Segment Start: Available data

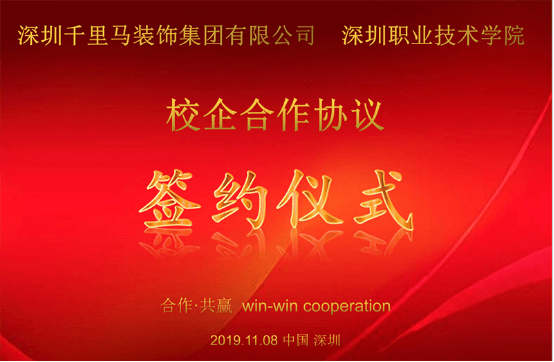 每一步都在確立新高度的深圳千里馬裝飾集團(tuán),迎來了新的校企合作關(guān)系。 2019年11月8日,深圳千里馬裝飾集團(tuán)有限公司(簡(jiǎn)稱深圳千里馬裝飾集團(tuán))與深圳職業(yè)技術(shù)學(xué)院(簡(jiǎn)稱深職院)校企合作簽約儀式在深圳千里馬裝飾集團(tuán)總部舉行。 深圳千里馬裝飾集團(tuán)董事長(zhǎng)李向東、深職院建筑與環(huán)境工程學(xué)院喻圻亮副院長(zhǎng)、吳剛博士等人參加了本次簽約儀式。 深職院喻圻亮副院長(zhǎng)針對(duì)本次校企合作,詳細(xì)介紹了深職院的辦學(xué)規(guī)模、師資建設(shè)、教學(xué)建設(shè)、學(xué)術(shù)研究、人才培養(yǎng)模式等方面的情況,讓我們對(duì)深職院有了深刻的了解,同時(shí)也獲得了深圳千里馬裝飾集團(tuán)董事長(zhǎng)李向東的高度認(rèn)可。 深圳千里馬裝飾集團(tuán)董事長(zhǎng)認(rèn)為,人才本身是企業(yè)的核心力量。正所謂“終身之計(jì),莫如樹人。”人才資源位于企業(yè)未來的發(fā)展道路上的首要位置,人才培養(yǎng)、引進(jìn)、使用等機(jī)制需要不斷革新,努力培養(yǎng)出一線領(lǐng)軍創(chuàng)新人才,為“致力于改善客戶的生活、工作環(huán)境”盡綿薄之力。 通過本次深度交談,深圳千里馬裝飾集團(tuán)與深職院達(dá)成一致意見,在長(zhǎng)期合作、相互信任的基礎(chǔ)上,建立了校企戰(zhàn)略合作聯(lián)盟關(guān)系。 深職院將作為深圳千里馬裝飾集團(tuán)“后備人才基地”,開啟深圳千里馬裝飾集團(tuán)的納賢新模式。同時(shí),深圳千里馬裝飾集團(tuán)將推薦高級(jí)工程師、管理人員作為深職院的客座教授,參與深職院的教學(xué)計(jì)劃制定、課程設(shè)置。此外,深圳千里馬裝飾集團(tuán)還將為深職院提供科研項(xiàng)目的合作機(jī)會(huì),平等互利,共同發(fā)展。 簽約儀式 深圳千里馬裝飾集團(tuán)將不斷堅(jiān)持企業(yè)發(fā)展人才觀,不斷發(fā)掘創(chuàng)新型、高技術(shù)、高技能的人才,同時(shí)深圳千里馬裝飾集團(tuán)的納賢大門隨時(shí)敞開,歡迎各位有志之士的加盟。
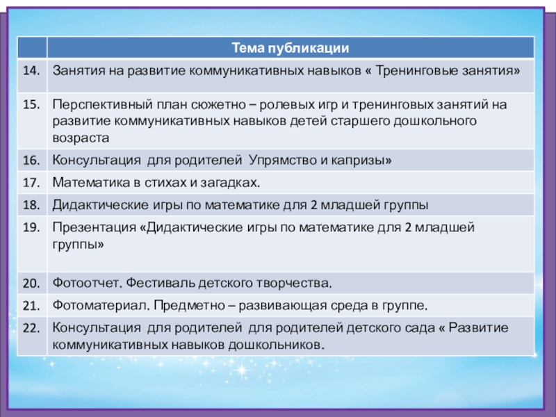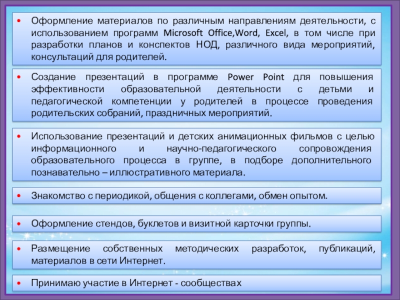 Создание презентаций в программе Power Point для повышения эффективности образовательной деятельности с детьми и педагогической компетенции у родителей в процессе проведения родительских собраний, праздничных мероприятий.
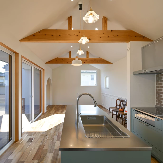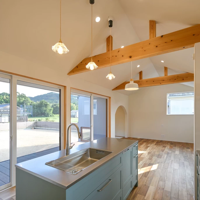 LDKの中心に据えた開放的なキッチンは、勾配天井でさらに広がりを感じさせます。料理をしながら自然の景色を堪能できる贅沢な時間が、毎日の暮らしを豊かにしてくれます。

Segment End: Available data

▶ Task statement:
For this exercise, write the listing out again exactly, excluding all images.

▶ Response to this task:
 每一步都在確立新高度的深圳千里馬裝飾集團(tuán),迎來了新的校企合作關(guān)系。 2019年11月8日,深圳千里馬裝飾集團(tuán)有限公司(簡(jiǎn)稱深圳千里馬裝飾集團(tuán))與深圳職業(yè)技術(shù)學(xué)院(簡(jiǎn)稱深職院)校企合作簽約儀式在深圳千里馬裝飾集團(tuán)總部舉行。 深圳千里馬裝飾集團(tuán)董事長(zhǎng)李向東、深職院建筑與環(huán)境工程學(xué)院喻圻亮副院長(zhǎng)、吳剛博士等人參加了本次簽約儀式。 深職院喻圻亮副院長(zhǎng)針對(duì)本次校企合作,詳細(xì)介紹了深職院的辦學(xué)規(guī)模、師資建設(shè)、教學(xué)建設(shè)、學(xué)術(shù)研究、人才培養(yǎng)模式等方面的情況,讓我們對(duì)深職院有了深刻的了解,同時(shí)也獲得了深圳千里馬裝飾集團(tuán)董事長(zhǎng)李向東的高度認(rèn)可。 深圳千里馬裝飾集團(tuán)董事長(zhǎng)認(rèn)為,人才本身是企業(yè)的核心力量。正所謂“終身之計(jì),莫如樹人。”人才資源位于企業(yè)未來的發(fā)展道路上的首要位置,人才培養(yǎng)、引進(jìn)、使用等機(jī)制需要不斷革新,努力培養(yǎng)出一線領(lǐng)軍創(chuàng)新人才,為“致力于改善客戶的生活、工作環(huán)境”盡綿薄之力。 通過本次深度交談,深圳千里馬裝飾集團(tuán)與深職院達(dá)成一致意見,在長(zhǎng)期合作、相互信任的基礎(chǔ)上,建立了校企戰(zhàn)略合作聯(lián)盟關(guān)系。 深職院將作為深圳千里馬裝飾集團(tuán)“后備人才基地”,開啟深圳千里馬裝飾集團(tuán)的納賢新模式。同時(shí),深圳千里馬裝飾集團(tuán)將推薦高級(jí)工程師、管理人員作為深職院的客座教授,參與深職院的教學(xué)計(jì)劃制定、課程設(shè)置。此外,深圳千里馬裝飾集團(tuán)還將為深職院提供科研項(xiàng)目的合作機(jī)會(huì),平等互利,共同發(fā)展。 簽約儀式 深圳千里馬裝飾集團(tuán)將不斷堅(jiān)持企業(yè)發(fā)展人才觀,不斷發(fā)掘創(chuàng)新型、高技術(shù)、高技能的人才,同時(shí)深圳千里馬裝飾集團(tuán)的納賢大門隨時(shí)敞開,歡迎各位有志之士的加盟。
 Создание презентаций в программе Power Point для повышения эффективности образовательной деятельности с детьми и педагогической компетенции у родителей в процессе проведения родительских собраний, праздничных мероприятий.
 LDKの中心に据えた開放的なキッチンは、勾配天井でさらに広がりを感じさせます。料理をしながら自然の景色を堪能できる贅沢な時間が、毎日の暮らしを豊かにしてくれます。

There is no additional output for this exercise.